Expediaは、日本での18周年を記念してブランドを刷新した。テクノロジーへの投資を強化し、日本の観光業界支援も視野に入れる。また、パーソナライズされたサービスなど、日本市場向けの取り組みも行う。
Expedia Groupは傘下に「Expedia」「Hotels.com」「Vrbo」「Trivago」などを持つ世界最大級のオンライン旅行代理店(OTA)だ。全ブランドの登録会員数は1億6800万人以上。6万社以上のパートナーと提携し、世界70地域以上でサービスを展開している。日本では2024年に18周年を迎える。これに際し、同社は日本をターゲットに新たなマーケティングキャンペーンを開始する。2024年2月20日には同社副会長兼CEOのピーター・カーン氏とブランド統括プレジデントのジョン・ギーゼルマン氏が来日し、同社のブランド戦略とキャンペーンの概要、今後の日本の旅行市場の展望などについて語った。
Expedia Groupは2023年4月にOTAとしていち早くサービスにChatGPTを統合し、Expediaのモバイルアプリに対話型の旅行プランニング機能を実装したことで知られている。また、Hotels.comにおいてAIを活用したスマートショッピング機能でホテル探しの負荷を軽減するなど、旅行体験向上のためのテクノロジー投資に積極的だ。
カーン氏は、Expedia Groupが「AIなどのテクノロジースタックを基礎から再構築」していると述べ、さらなるサービス強化のため、以下の4つの機能を提供開始したことを紹介した。
新型コロナウイルス感染症(COVID-19)のパンデミックが収束して訪日インバウンド需要が完全復活の様相を呈している。観光庁が2024年1月17日に発表した「訪日外国人消費動向調査」によると、2023年は訪日外国人旅行消費額が5兆2923億円と、過去最高を更新した。
訪日需要の高まりはExpedia Groupが保有するデータにも表れている。米国からの旅行者は非アジア圏で最大だが、2023年の米国からの旅行者の約半数(48%)はExpedia Groupのサービス経由で日本を訪れていると推定される。また、Expediaでの「東京」の検索数は2年連続で前年比55%増加しているという。
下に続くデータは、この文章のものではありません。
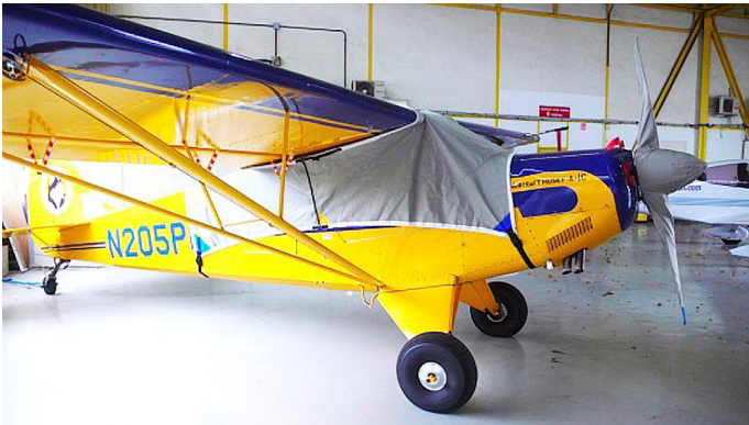
Aviat Husky Canopy & Prop Covers

This cover type is made from Silver Acrylic Sunbrella canvas and is 100% lined with a soft and smooth microfiber. Bruce's Custom Covers developed this material combination especially for aircraft protection. The outer material is medium weight and treated for water resistance, UV resistance and anti-static buildup. The inner lining is a very soft and smooth microfiber to prevent scratching. The material is very reflective, and tests show that the cabin interior temperature can be reduced to near-ambient temperature on the hottest of days. It is water, ice and snow repellent, yet breathable to allow moisture to escape from between the cover and the aircraft surface.

Expedia Groupは現在、人々の旅行の目的地を日本の大都市以外の場所に置き換えて「まだ知られていない日本」を知ってもらうことに注力しており、これにより日本の観光業界を支援したい考えだ。日本の利用者向けには24時間365日の電話による日本語音声サポートと、X(旧Twitter)でのチャットサポートも提供する。カーン氏は(恐らく、2023年に日本で報じられた返金を巡るトラブルなどを念頭に)「私たちは昨年、幾つかの間違いも犯した。それでカルチャーを変える必要があった。特に顧客サービス面での改善は必要だ。消費者の信頼を勝ち取り、維持しなければならないと強く信じているため、最高のサービスとオンライン旅行に世界中で継続的に投資している」と述べた。
テクノロジーへの投資で顧客体験をより良いものにする一方、サービスの魅力を訴求するため、Expedia Groupはマーケティング活動への投資も積極的に行っている。
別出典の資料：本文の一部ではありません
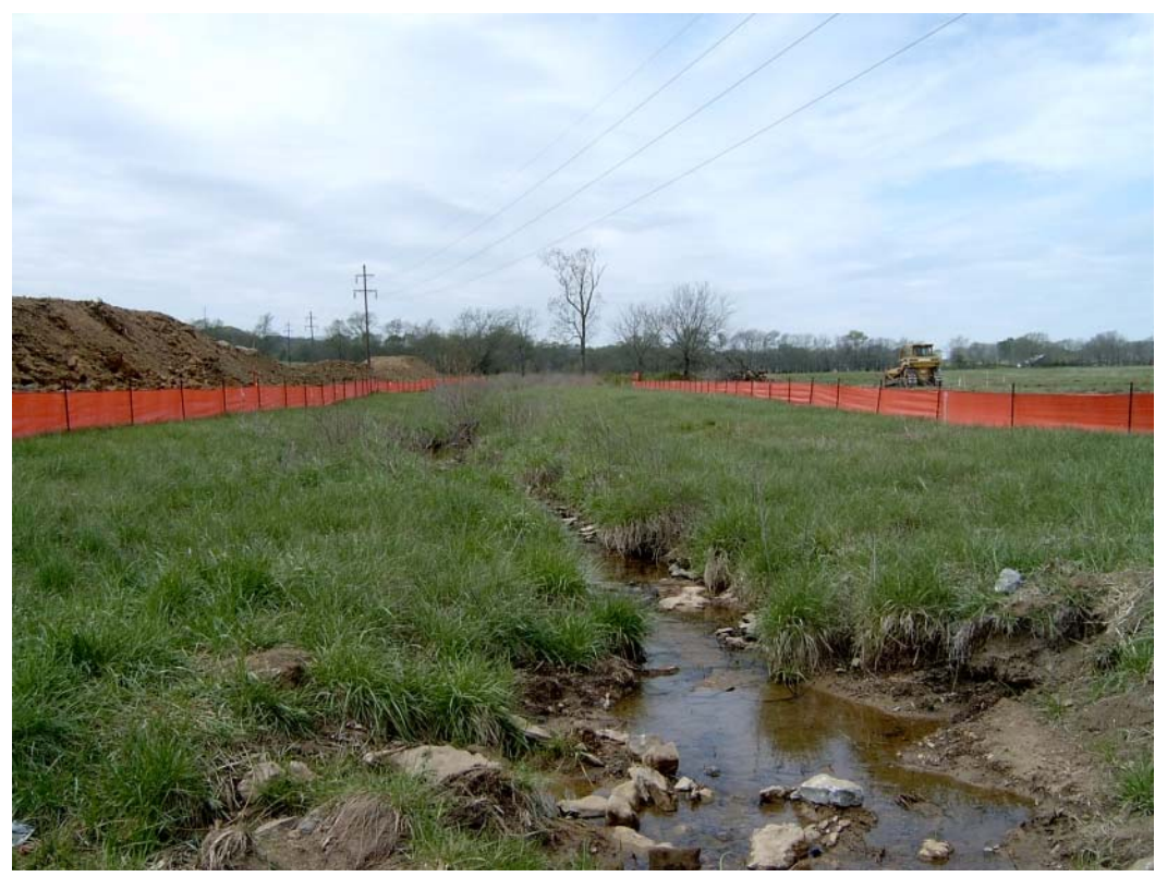
Riparian buffer restoration. N: 36.37939° W: 86.56136°

グローバルで展開するブランドメッセージ「Made to Travel」には二重の意味があるという。一つは、人は誰もが旅をするという意味。もう一つは、Expedia Groupのサービスが旅行を楽にするために作られたものという意味だ。しかし、それが世界共通で理解されるかというと、なかなか難しい。グローバルに伝えたいメッセージと、ローカルに関連するメッセージとの間のバランスを取る必要がある。そこで、日本版のブランドメッセージは「いつものそとへ」と訳された。
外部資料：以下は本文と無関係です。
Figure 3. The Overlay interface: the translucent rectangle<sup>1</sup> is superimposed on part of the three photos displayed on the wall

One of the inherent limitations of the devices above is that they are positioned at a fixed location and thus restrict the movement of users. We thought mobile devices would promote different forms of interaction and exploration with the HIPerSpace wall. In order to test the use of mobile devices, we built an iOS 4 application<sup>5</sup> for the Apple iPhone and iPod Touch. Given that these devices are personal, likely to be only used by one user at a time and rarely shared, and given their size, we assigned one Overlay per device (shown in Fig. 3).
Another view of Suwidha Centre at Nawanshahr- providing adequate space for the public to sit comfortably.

このメッセージの下、テレビ、ラジオ、ソーシャルメディア、OOH(屋外広告)などを横断した新たなキャンペーンを開始している。「Netflix初のグローバル広告パートナーはExpedia 日本を皮切りにグローバルキャンペーンを展開」で紹介した通り、Expedia Groupは2024年を通じてNetflixでもマルチマーケットキャンペーンを展開することになっているが、その口火を切ったのは日本からだ。
ギーゼルマン氏は「私たちはNetflixと世界的な契約を結んだ最初の企業だ。それは自信の表れと言える。2つの大きなパートナーが協力して日本で最初に広告を開始したのは、市場に抱えている顧客の数を考えると理にかなってたことだと思う」とコメントし、日本が同社の中でも重要なマーケットであると認識していることを強調した。